Re:Discovering hoe (1)

mcgrew (92797) | about 2 years ago | (#40294955)

Um, I believe you're referring to 'ho's (contraction of whores). A hoe is a tool used for gardening. As to Star Trek, I've attempted to debunk that bit of fiction with more fiction. [slashdot.org] At to Dabo girls, That messed up nose kind of ruins it for me. And you relize that sex with a different species is bestiality, right? Who know Star Trek was so kinky?

Now would please someone explain how studying supernova can tell us how elements are formed?
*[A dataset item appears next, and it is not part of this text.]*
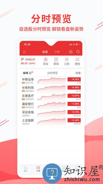 沪深港及新三板等行情秒速更新;提供多组分时及K线,支持均线、复权、缺口、持仓成本线、指标等自主设置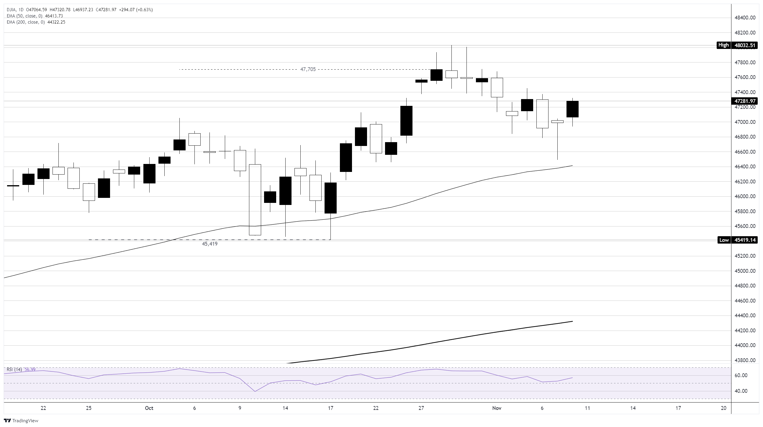 道琼斯工业平均指数(DJIA)在周一稳住了其支撑,𫔭啟新交易周,接近47,000的主要关口,上涨约300点。由于人工智慧科技股反弹出现回调迹象,或至少暂时喘口气,股市上周回落,投资者正在寻求结束美国历史上最长的政府资金停摆。

I like the slashdot jokes, but I like learning even more.

Ohh NASA! (1)

codemode (2655475) | about 2 years ago | (#40288365)

Instead of searching for black holes how about more effort in finding little green aliens!

Re:Ohh NASA! (0)

Anonymous Coward | about 2 years ago | (#40289309)
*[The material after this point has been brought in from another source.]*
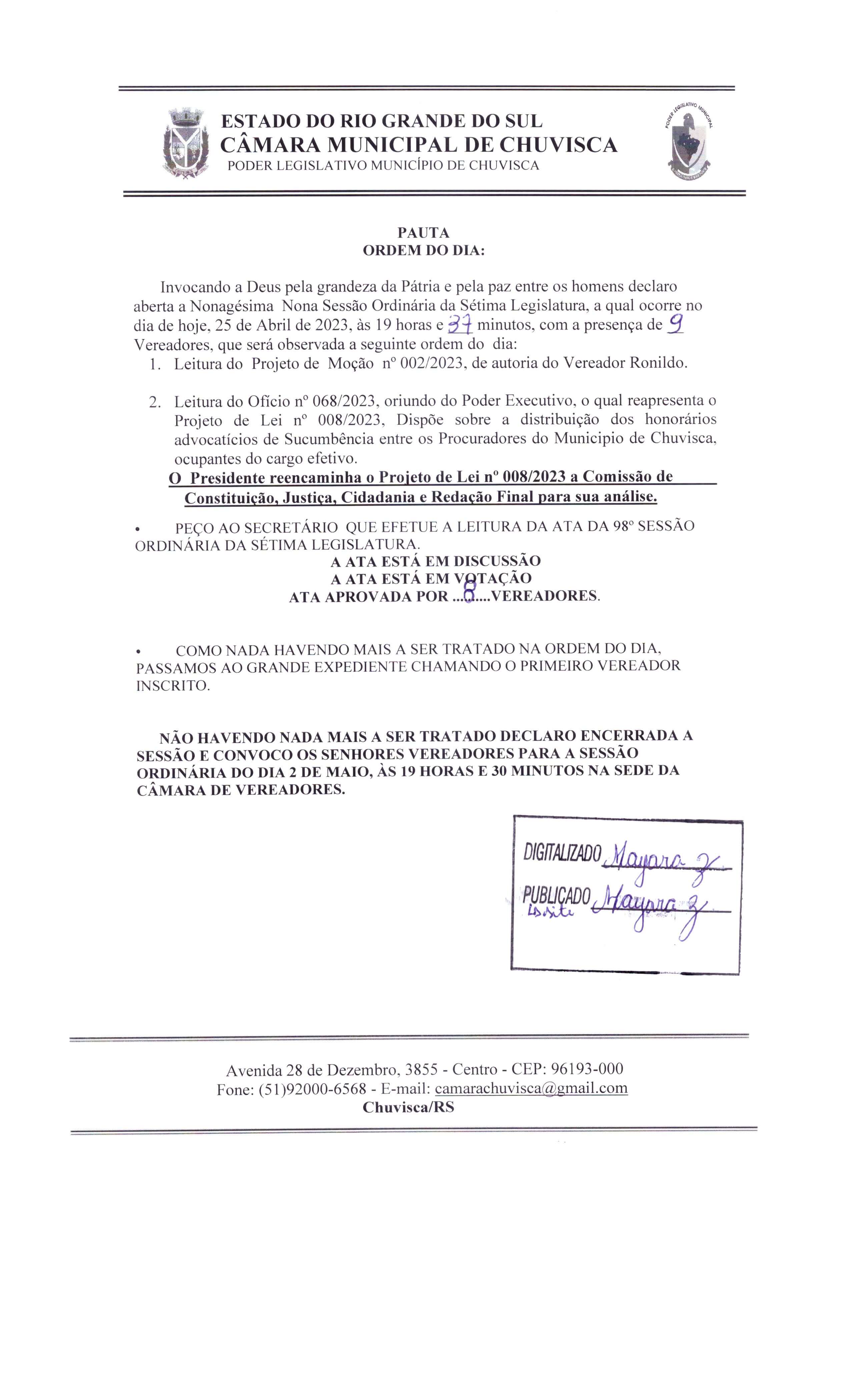 Ordem do dia 99º Sessão Ordinária da 7º Legislatura

If they're communicating with gravity waves, a black hole search could reveal them. Don't give up hope yet.

NuStar is going to be doing some very cool stuff (5, Informative)
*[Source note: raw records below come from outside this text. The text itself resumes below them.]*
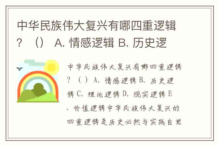 中华民族伟大复兴有哪四重逻辑?() A. 情感逻辑 B. 历史逻辑 C. 理论逻辑 D. 现实逻辑 E. 价值逻辑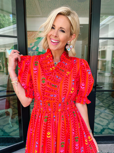 THIS IS A FINAL SALE ITEM The Get This Party Started Dress is ready to kick off all your best moments with her bold pink tiers and flirty tie deta...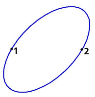 An example of an arc of an ellipse obtained by trimming a whole ellipse by points 1 and 2

JoshuaZ (1134087) | about 2 years ago | (#40288413)

NuStar is going to be doing a lot of work searching for and imaging black holes and supernova remnants. The second is very important for understanding the history of our universe, since the elements greater than lithium are made in stars, and supernovae are what spread them around. The elements heavier than iron are only produced in supernova. So understanding supernova and their remnants gives us insight into where we all came from. Understanding supernova better will also help us understand better the size of the universe. Currently one way of measuring distances to very far away objects is that Type Ia supernova http://en.wikipedia.org/wiki/Type_Ia_supernova [wikipedia.org] are roughly fixed brightness, so if one can identify such a supernova then one knows about how far away it is. Getting better estimates on their light curves will help out, and similarly getting better understanding of the distance to core collapse supernova will also help.

Overall, the technology for x-ray and gamma ray telescopes have improved a lot over the last few years. The basic problem with them is that you can't make what amounts to a lens or a mirror for x-rays since they are too high energy, so you can't make a telescope in the classical designs. However, in the 1950s Hans Wolter came up with some methods of doing almost the same thing using clever designs ahref=http://en.wikipedia.org/wiki/Wolter_telescoperel=url2html-30574 [slashdot.org]http://en.wikipedia.org/wiki/Wolter_telescope> but it wouldn't be until the late 1970s that any functioning designs existed. Since then there have been a lot of very effective designs such as Chandra and Swift. The technology is improving and the precision and level of information one gets form NuStar will be much better than previous x-ray telescopes and will be able to pick out details from much fainter sources.

Re:NuStar is going to be doing some very cool stuf (0)

Anonymous Coward | about 2 years ago | (#40288649)

A wild lecture appears...

NuSTAR is to be launched from a Pegasus XL rocket (-1)

Anonymous Coward | about 2 years ago | (#40288535)

NuSTAR is to be launched from a Pegasus XL rocket...

or vagina.

Folks at $ork[2] are excited about this. (1)

Shag (3737) | about 2 years ago | (#40290359)

ssl.berkeley.edu has been abuzz with all manner of things getting done at higher priority than usual because of this launch. I saw mission control a few years back (this won't be anywhere near the first craft they've controlled, let alone helped build) and I wish my local college had a room like that. ;)

Need to read better (boom NOT bomb.) (0)

Anonymous Coward | about 2 years ago | (#40290721)

I've been reading too much current events, on scaning the article I thought holy crap that's a big bomb. My thoughts have been corrected to holy crap that's a big boom!

Why mention the orbit height? (1)

wcoenen (1274706) | about 2 years ago | (#40293501)

It will orbit at 550 km above Earth's surface.

I'm not sure why this orbit height is important enough to be mentioned in the summary. For comparison, the ISS orbits at about 400 km. Telecommunications satellites have geosynchronous orbits at about 36000 km.

Re:Why mention the orbit height? (0)

Anonymous Coward | about 2 years ago | (#40315553)

Well, it sure is as important a detail as any, apart from the basic nature of the satellite. You could ask the same question about every detail in the summary.